I went through these with them and they were looking at me like they were sorry they asked, and I understood that response.
Really, the ability to manage your time comes down to our ability to understand two words in the English language.
I asked them to tell me what these two words are in Russian. I gave the two words in English, they gave me back the two words in Russian and believe me I did not understand what they were saying, but their body language told me.
If you want to master your schedule, learn to FOCUS 100% on the task at hand when you’re supposed to be doing your job which means you have your cell phone turned off, your iPad turned over. You clean off your desk of the files and the listings that you have.
You focus on the job at hand, because there’s nothing there to distract you. You put a stop sign up on the edge of your desk, it just says “STOP” so when an agent walks by and sees the word stop, they don’t stop and bother you. Or, you put your headset on and you turn away from the aisle where an agent could walk up and distract you.
The second word is discipline. The ability to be disciplined to do your job.
Let’s be honest, discipline is hard.
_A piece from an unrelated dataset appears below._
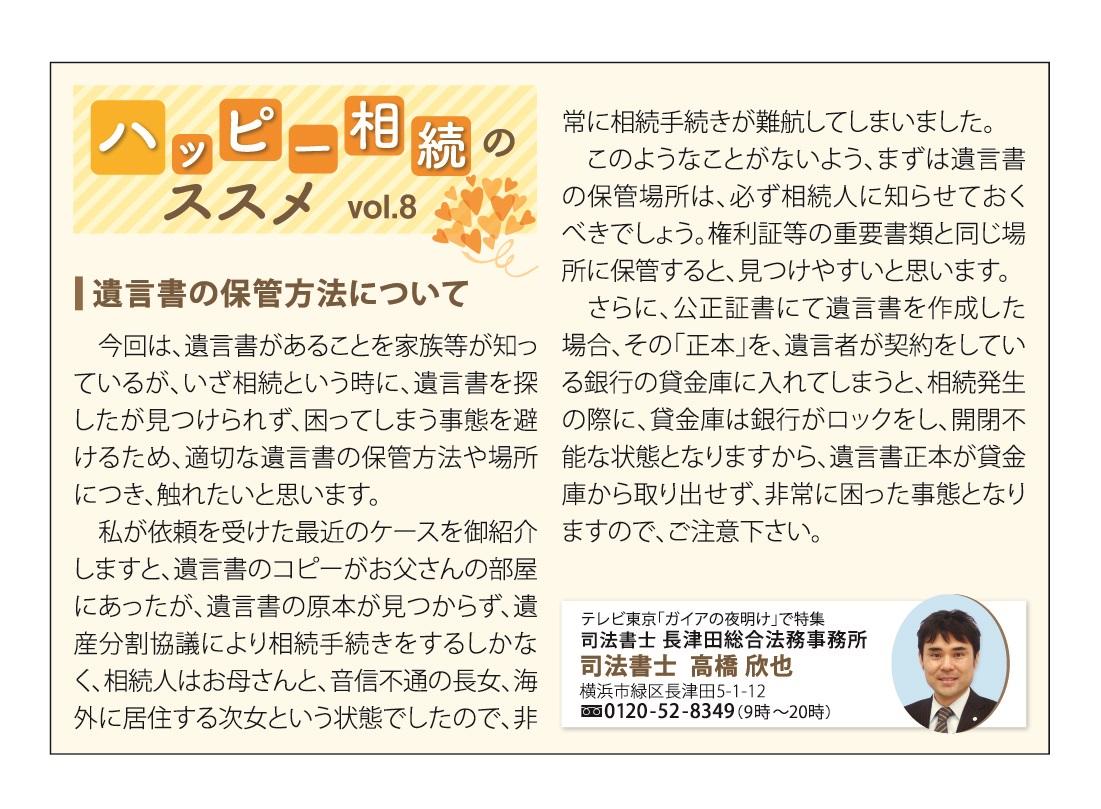 今回は、遺言書があることを家族等が知っているが、いざ相続というときに、遺言書を探したが見つけられず、困ってしまう事態を避けるため、適切な遺言書の保管方法や場所につき、触れたいと思います。私が依頼を請けた最近のケースを御紹介しますと、遺言書のコピーがお父さんの部屋にあったが、遺言書の原本が見つからず、遺産分割協議により相続手続きをするしかなく、相続人はお母さんと、音信不通の長女、海外に居住する次女という状態でしたので、非常に相続手続きが難航してしまいました。

I asked these people if they work five days or six, they all said they work five. If you could be focused on your schedule from the time you arrive until noon, three days out of five, what would happen to your production? They all smiled and said, “it would go up.”
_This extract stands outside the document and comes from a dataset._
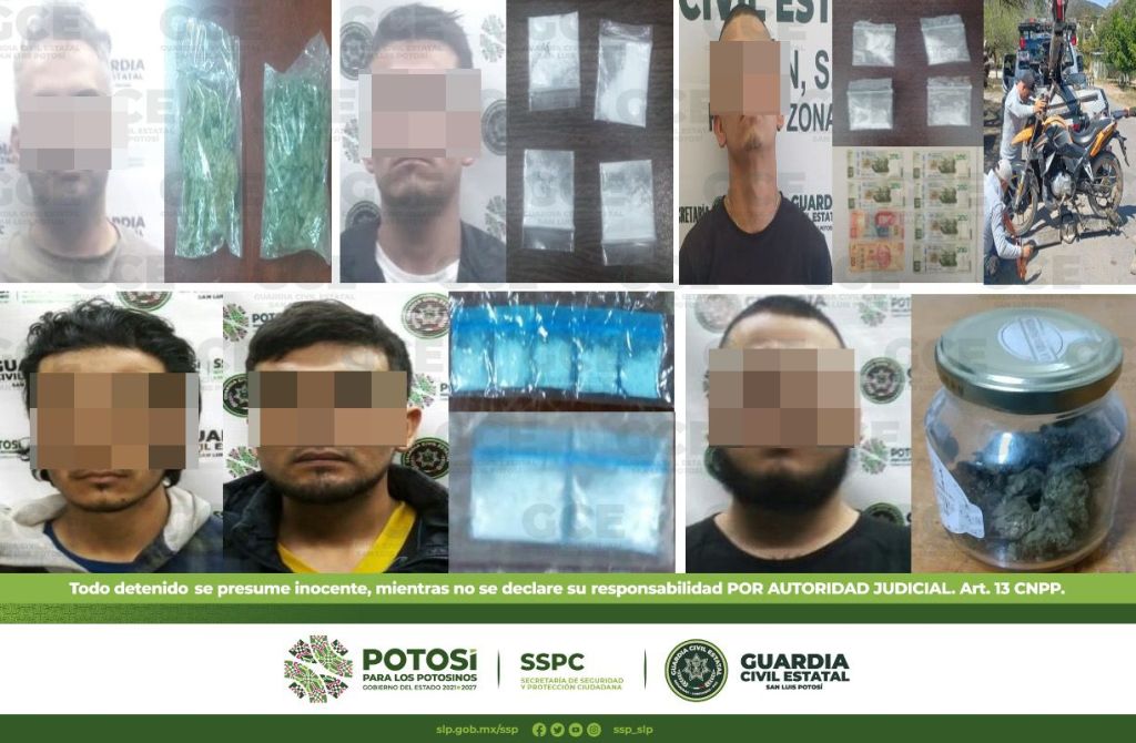 Mediante los trabajos operativos de prevención y disuasión de ilícitos en el territorio potosino, específicamente para disminuir el delito de narcomenudeo y el consumo de droga entre la población, agentes de la Guardia Civil Estatal (GCE) detuvieron a 18 personas por presunta posesión de estupefacientes.

What if you had the discipline to follow your schedule from the time you arrive until noon four days out of five, what would happen? They said their production would be even bigger. I asked them if they’d like it to be bigger. They said yes!
Take the word “focus” and put it on a 3×5 card, and on the back of the card write the word “discipline” and put a copy in your pocket, purse, wallet, tape one to your computer that is turned off, on the mirror. Once we drive those two words deeply into our subconscious mind, we’re going to start becoming more focused on the schedule and we’ll be more disciplined to accomplish what’s on the schedule.
I think I probably overwhelmed them in about ten minutes, and I may have overwhelmed some of you. The advantage you have is that you can watch this message twice or three times a day for the next seven days.
The name of the game is time management
After doing the fun work that I do with all of you for 43+ years, still today, the number one problem for the average real estate person is time management and that is because, of course, we are independent contractors.
As long as we’re independent contractors and don’t think like an employee or don’t have strong goals to force us to work every day and the discipline and focus to follow a schedule, as long as we don’t have that, time management will always be a problem.
Even the best agents in the world, they still will tell me they need to always be working on their time management.
Remove the distractions.
Look at your work environment, how many distractions do you have that are inviting you not to participate in your schedule? Master your schedule, master your business, master your production, and you’ll master your life.